The invention discloses a bolt shaft force attenuation prediction method considering bolt creep, which is characterized by comprising the following steps of 1) obtaining a creep curve of a standard bolt for connection at a use temperature, 2) determining a functional relation between rigidity of a bolt model in bolt connection and time according to the creep curve, and 3) calculating a residual shaft force at a selected time according to the functional relation between rigidity of the bolt model and time and the functional relation between the residual shaft force and time, so as to predict the shaft force attenuation of the bolt.

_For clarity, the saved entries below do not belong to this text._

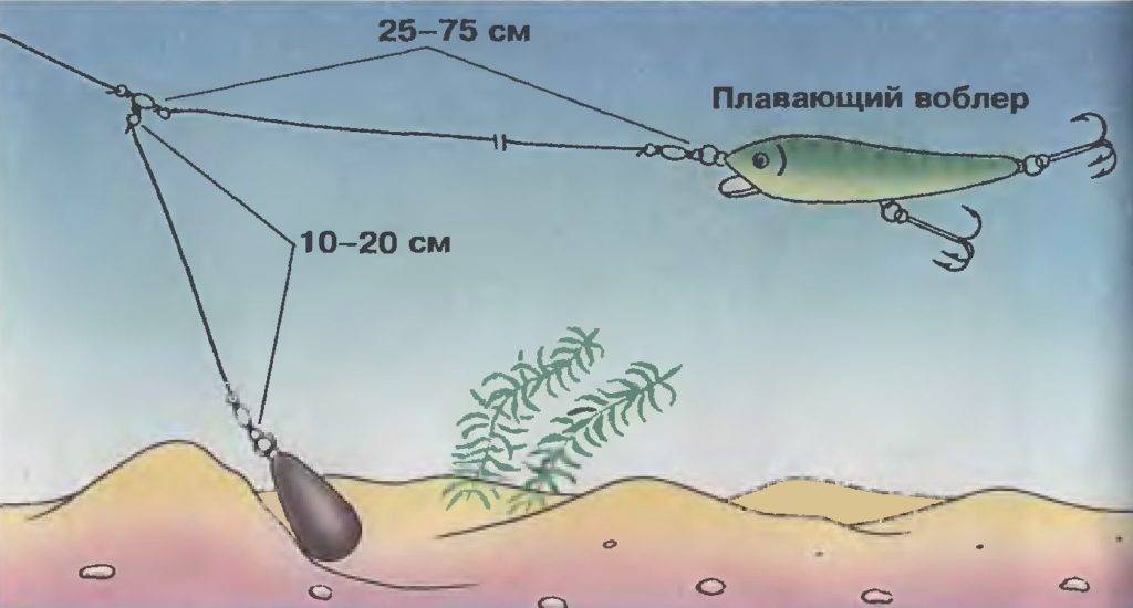 При ловле на приличных глубинах использование дополнительных элементов оснастки, таких как грузила и синкеры, является обязательным. Если рыбалка проходит на неглубоком водоеме, достаточно использовать воблеры с подходящей величиной заглубления. Нужно иметь в виду, что при проводке против течения они будут погружаться сильнее, чтобы выбрать подходящие для ловли в таких условиях модели.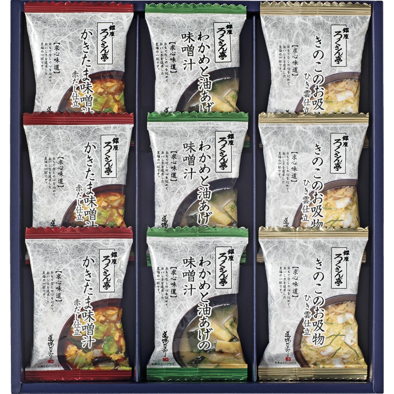 ●セット内容/きのこのお吸物ひき雲仕立・わかめと油あげの味噌汁・かきたま味噌汁赤だし仕立×各3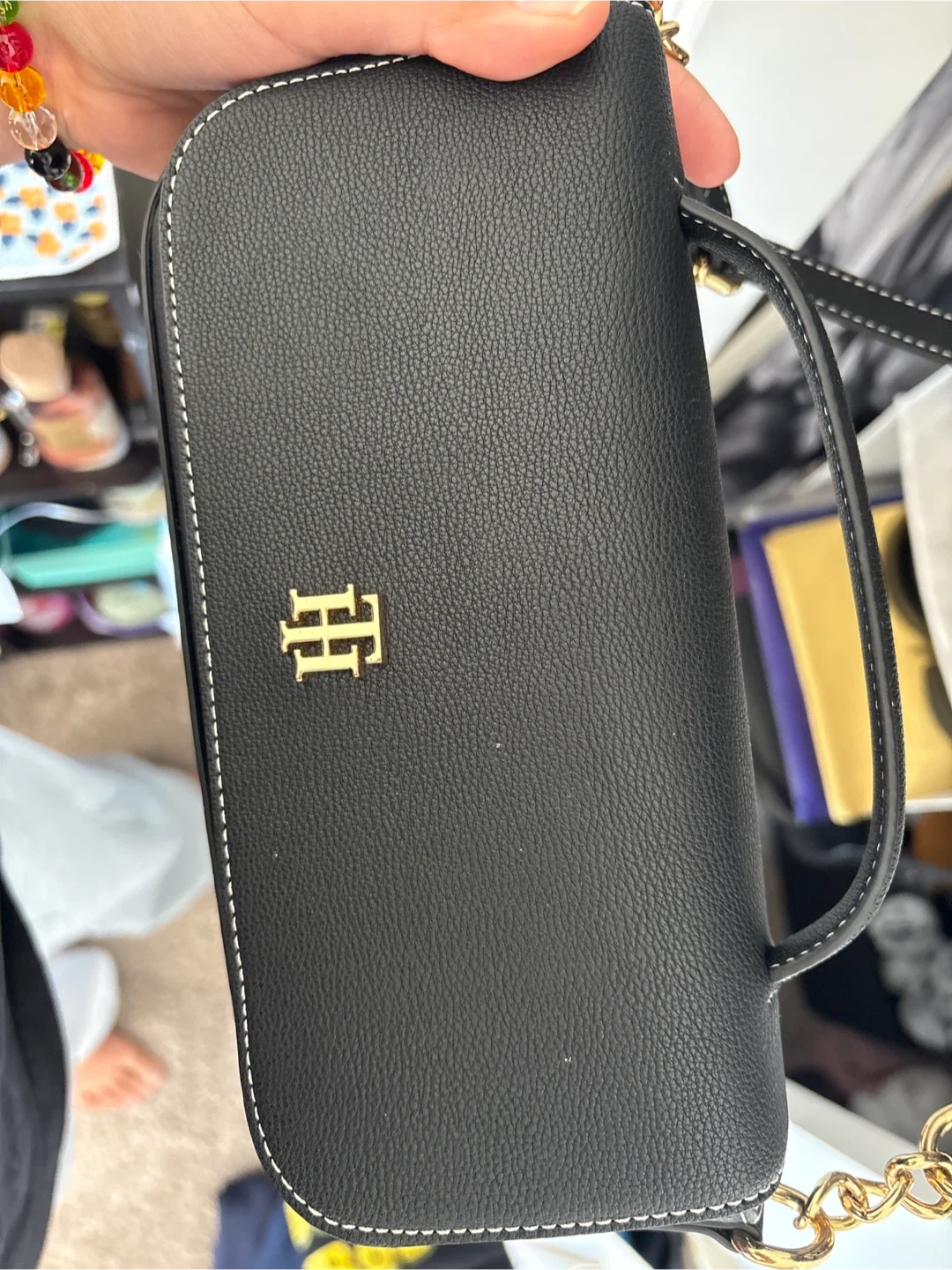 This is a black leather wallet from Tommy Hilfiger. It's a compact accessory for your essentials. It features the signature gold Tommy Hilfiger emblem.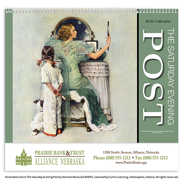 Enjoy classic American illustrations with the Saturday Evening Post Appointment Calendar, featuring nostalgic artwork from Norman Rockwell, in a bygone era. Track your days with plenty of room for jotting down appointments, events, and reminders. A wonderful promotional piece, your business name, slogan, message, or logo is clearly visible on each page, helping your brand stand out year-round. Spiral-bound for easy flipping and includes holidays and moon phases. This 13 month calendar includes December on the back mount. Also available in stapled style.

According to the invention, through the establishment of the equivalent model, the relation between the change rule of the internal stress and strain of the bolt and the external load is researched, so that the change rule of the pretightening force of the bolt in a screwed state due to the creep effect in a medium-high temperature environment is summarized, a mathematical function model of the pretightening force of the bolt along with the change of time is established, and the residual axial force and the loosening life of the bolt are predicted.

Inventors

• WANG DECHENG
• LI WENBO
• DING BAOPING
• CHENG PENG
• SHAO CHENXI
• LIU LINGXIAO

Assignees

• 中机生产力促进中心有限公司

Dates

Publication Date

20260508

Application Date

20230425

Claims (2)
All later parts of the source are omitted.